Why this works: Context-based cancellation provides a standard way to signal goroutines to exit, preventing goroutine leaks. The ctx.Done() channel is closed when the context is cancelled (via cancel() function or timeout), unblocking all goroutines waiting on it. By selecting on ctx.Done() in the goroutine's main loop, the goroutine can detect cancellation and return, allowing it to be garbage collected. This pattern works for any number of goroutines - one cancel() call signals all of them. Contexts can be nested (child contexts inherit parent cancellation) and support timeouts (context.WithTimeout) to prevent indefinite blocking. This is essential for server applications that spawn goroutines per request - cancelling the request context ensures all spawned goroutines exit when the request completes.

Proper HTTP Client with Timeouts

func fetchDataSafely(ctx context.Context, url string) ([]byte, error) {
    // Create request with context for cancellation
    req, err := http.NewRequestWithContext(ctx, "GET", url, nil)
    if err != nil {
        return nil, err
    }

    // Use client with timeouts to prevent indefinite blocking
    client := &http.Client{
        Timeout: 10 * time.Second,
    }

    resp, err := client.Do(req)
    if err != nil {
        return nil, err
    }
    defer resp.Body.Close()  // Always close response body

    // Read body with io.ReadAll - automatically handles errors
    return io.ReadAll(resp.Body)
}

// Usage with context timeout
func handler(w http.ResponseWriter, r *http.Request) {
    ctx, cancel := context.WithTimeout(r.Context(), 5*time.Second)
    defer cancel()

    data, err := fetchDataSafely(ctx, "https://api.example.com/data")
    if err != nil {
        http.Error(w, err.Error(), http.StatusInternalServerError)
        return
    }

    w.Write(data)
}

Why this works: This pattern combines multiple safeguards against resource leaks. http.NewRequestWithContext ties the request to a context, allowing cancellation to abort in-flight requests. Setting client.Timeout ensures requests don't block indefinitely - after the timeout, the request is cancelled and connections are closed. defer resp.Body.Close() guarantees the response body is closed even if errors occur, returning the connection to the pool. Using the request's context (from r.Context()) in handlers ensures requests are automatically cancelled when clients disconnect, preventing goroutine leaks from abandoned requests. This is the recommended pattern for production HTTP clients in Go.
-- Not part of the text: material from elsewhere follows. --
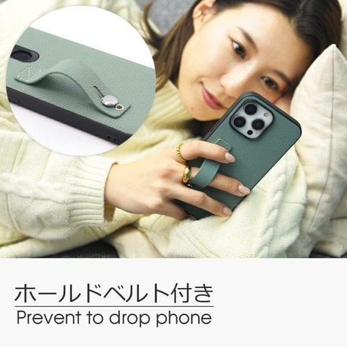 ケース背面にあるホールドベルトに指を通すことで、大きな端末もしっかり安定して持てます。 ホールドベルトを使用すると手と端末がしっかり固定できるため、親指の可動域が広がります。

Closing Channels to Signal Completion

func producer(ctx context.Context) <-chan int {
    ch := make(chan int)

    go func() {
        defer close(ch)  // Signal completion by closing channel

        for i := 0; ; i++ {
            select {
            case ch <- i:
                // Sent successfully
            case <-ctx.Done():
                // Context cancelled - exit
                return
            }
        }
    }()

    return ch
}

func consumer(ctx context.Context) {
    ch := producer(ctx)

    for val := range ch {
        // Process values
        // range exits when channel is closed
        process(val)
    }

    // Channel closed, goroutine exited - no leak
}

Why this works: Closing a channel signals to all receivers that no more values will be sent, allowing them to exit cleanly. The range loop over a channel automatically exits when the channel is closed, eliminating the need for explicit exit conditions. Using defer close(ch) in the producer ensures the channel is closed when the goroutine exits, whether normally or via context cancellation. This prevents receiver goroutines from blocking forever waiting for values that will never arrive. Combined with context cancellation, this pattern ensures both producer and consumer goroutines can exit cleanly, preventing leaks. This is the idiomatic Go pattern for producer-consumer pipelines.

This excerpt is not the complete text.